Lei Jun’s test isn’t over yet
Strong headline numbers, softer reality underneath
Xiaomi (小米) posted a glossy 2025 scorecard — revenue up 25% year‑on‑year and adjusted net profit hitting a record 39.2 billion yuan (392亿元). Mobile gross margin held at 10.9%. Leadership, led by Lei Jun (雷军) and Lu Weibing (卢伟冰), presented the results as proof that Xiaomi’s push into higher‑end phones, cars, home appliances and AI services has kicked off a new growth wave. But the key question isn’t how good the headline numbers look. It’s how durable they are as upstream memory and semiconductor prices climb.
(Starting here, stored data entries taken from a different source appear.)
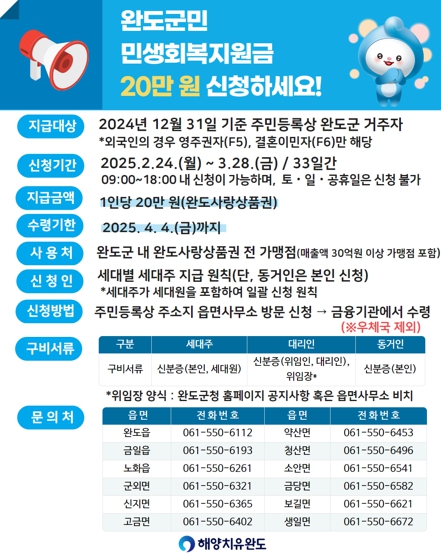민생회복지원금 신청 대상은 2024년 12월 31일 기준 주민등록상 완도군에 주소를 둔 군민이고, 외국인의 경우 영주권자(F5), 결혼 이민자(F6)만 해당된다.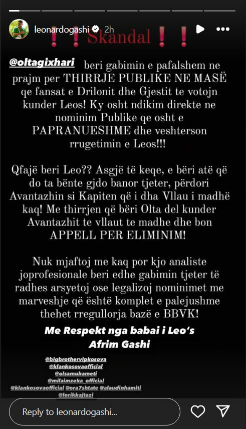 @oltagixhari beri gabimin e pafalshem ne prajm per THIRRJE PUBLIKE NE MASË qe fansat e Drilonit dhe Gjestit te votojn kunder Leos! Ky osht ndikim direkte ne nominim Publike qe osht e PAPRANUESHME dhe veshterson rrugetimin e Leos!!! Qfajë beri Leo?? Asgjë të keqe, e bëri atë që do ta bënte gjdo banor tjeter, përdori Avantazhin si Kapiten që i dha Vllau i madhë kaq! Me thirrjen që bëri Olta del kunder Avantazhit te vllaut te madhe dhe bon APPELL PER ELIMINIM! Nuk mjaftoj me kaq por kjo analiste joprofesionale beri edhe gabimin tjeter të radhes arsyetoj ose legalizoj nominimet me marveshje që është komplet e palejushme thehet rregullorja bazë e BBVK! Me Respekt nga babai i Leo’s Afrim Gashi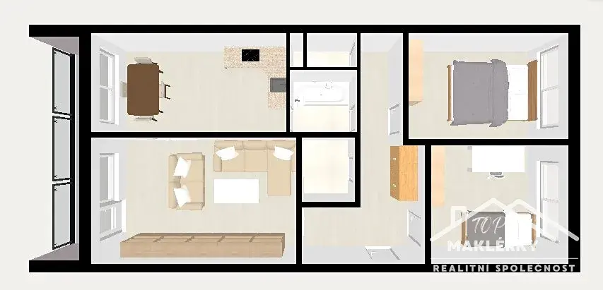 Bytová jednotka o dispozici 3+1 s lodžií ve druhém patře revitalizovaného panelového domu.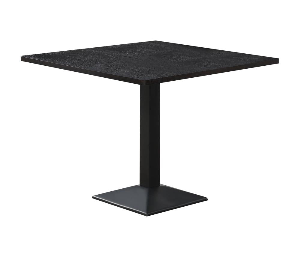 Sleek and stylish, this minimally designed modern dining table is perfect for compact spaces. Capable of seating up to four guests or family members, this square dining table features a supportive pedestal-style frame with a square-shaped flush base, offering an open space beneath for sliding in chairs. Dark tones throughout, the pedestal base features a metal construction and a smooth gunmetal finish, while the wood tabletop surface displays an espresso oak veneer. Allow this dining table to double as a game table in a media room or entertainment area. With a dark color palette and sleek lines, it is sure to add a contemporary flair to any home.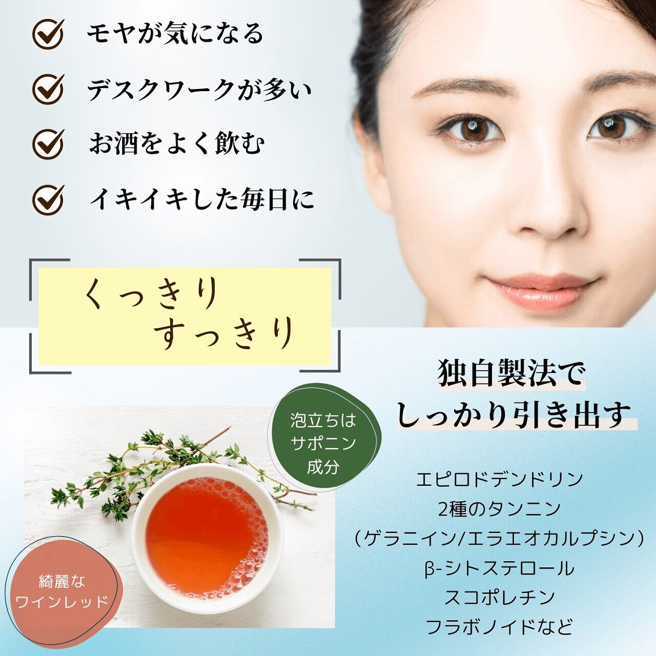 独自製法によって無添加ながら綺麗なロゼ色がかわいい健康茶です。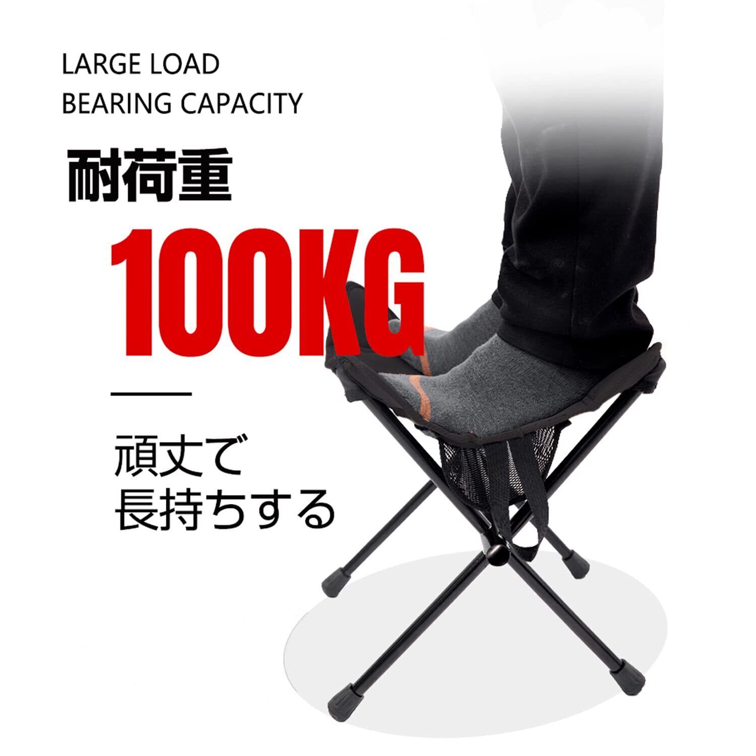 【耐荷重約100㎏・長持ち】椅子座面は丈夫で耐久性のある600Dオックスフォード生地を採用し、フレーム部分は十分な強度を有しているA6061アルミニウム合金で作られています。耐荷重およそ100㎏、頑丈で安定性のあるアウトドアチェア!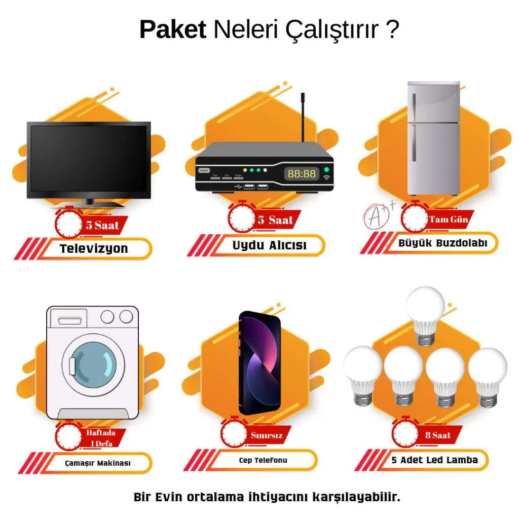 Elektrik şebekesinden bağımsız, çevre dostu ve sürdürülebilir enerji kullanımı için ideal çözüm. Bağ evleri, yazlıklar, yayla evleri, çiftlikler ve karavanlar gibi elektrik erişiminin zor olduğu alanlarda güvenle kullanılabilir.

Buffering via inventories and payables
Beneath the surface, Xiaomi has materially increased its raw‑material stocks and stretched trade payables — classic cycle‑hedging moves. Raw‑material inventory rose to 23.97 billion yuan (239.7亿元), up 67.4% from a year earlier, while trade payables aged under three months jumped from about 68.06 billion yuan (680.6亿元) to roughly 93.54 billion yuan (935.4亿元). Fourth‑quarter operating profit already slipped nearly 30% to 6.229 billion yuan (62.29亿元). It has been reported that Lei Jun once argued Xiaomi’s chip sourcing was an advantage — reportedly calling the company the world’s sixth‑largest chip buyer — which would help explain why Xiaomi could front‑load procurement. But the company hasn’t disclosed the precise make‑up of the added inventory, so observers can’t confirm how much is memory versus other components.
Market context and the limits of smoothing
The industry backdrop matters. Western export controls and the global rush to AI infrastructure have pushed much memory capacity into data‑centre channels, tightening supply for phones, IoT and PCs and lifting prices. Other Chinese handset makers — OPPO (欧珀), vivo (vivo/维沃), Honor (荣耀) — and even Samsung have begun passing costs to consumers with price adjustments across mainstream lines. That leaves vendors with three choices: force price increases onto buyers, keep buying ahead and hope inventories cover the gap, or accept margin erosion to retain share. Xiaomi looks to have leaned on the middle option — and perhaps some of the third — buying time with supply‑chain muscle. But old inventory runs out and payables must be settled. It has been reported that some analysts expect memory‑driven pressure to show up more clearly in 2026.
The test for Lei Jun: can consumers pay more?
The real test for Lei Jun is whether Xiaomi can translate its “high‑end” narrative into genuine pricing power. Xiaomi defines 3,000 yuan and up as high end, and that segment’s share rose to a record. Yet average selling price barely moved. If most volumes still come from low‑end models, inventory buffering only postpones pain. Xiaomi may be better prepared than many rivals — deeper pockets, stronger procurement — but buffering is not a cure. In a market where component costs are being reshaped by geopolitics and AI demand, can Xiaomi convince consumers to pay more before the next inventories run dry? If not, this quarter’s stability will look like a temporary reprieve rather than a durable victory.